If we want to avoid confusion, we probably ought to be careful about which type of strength we reference when we say "strength".

Carl

 

[Jerry Hossom]

I was probably referring to yield strength in stating my views on steels that will deform on hard impacts. The problem I have with the statement that "Hardness measures yield strength" is that my experience and that of some other knifemakers argue otherwise. Under similar loads, two different steels at virtually identical Rc hardness can exhibit greater or lesser degrees of plastic deformation. Similar edges in CPM-1V and A2, both at Rc59 have exhibited substantially different levels of plastic deformation on hard impacts. M60S at Rc60 deformed badly in a test that caused no plastic deformation in two other steels at Rc61.

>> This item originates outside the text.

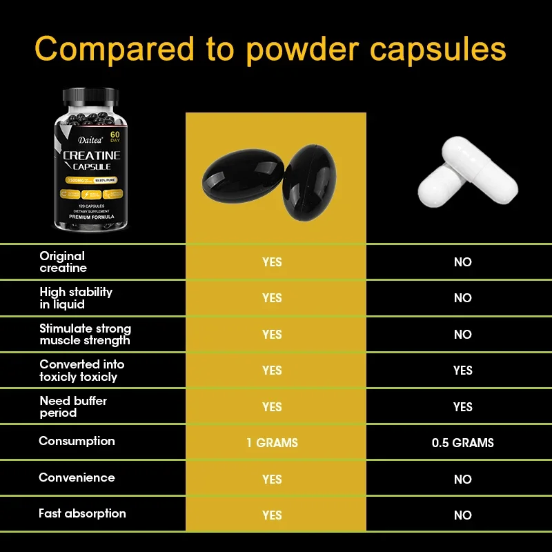Count on Daitea's Creatine Capsules, a 100% vegetarian, gluten-free, soy-free, and keto-friendly creatine monohydrate supplement.

Carl, you're in a much better position than I am to confirm or refute these findings, but I'd suggest you try for yourself hard impacts on fine edges in CPM-1V, A2, and maybe a couple other steels at the same Rc to see what happens. (Got any nails? ) In a discussion with a steel company metallurgist, I was told that Rc measurements are biased by carbide sizes and distribution. In another discussion, Questek, the company who introduced (almost) M60S acknowledged the problem of excessive plastic deformation in blade sections, even though their steel achieved Rc60, and they had strong commercial incentives to believe otherwise.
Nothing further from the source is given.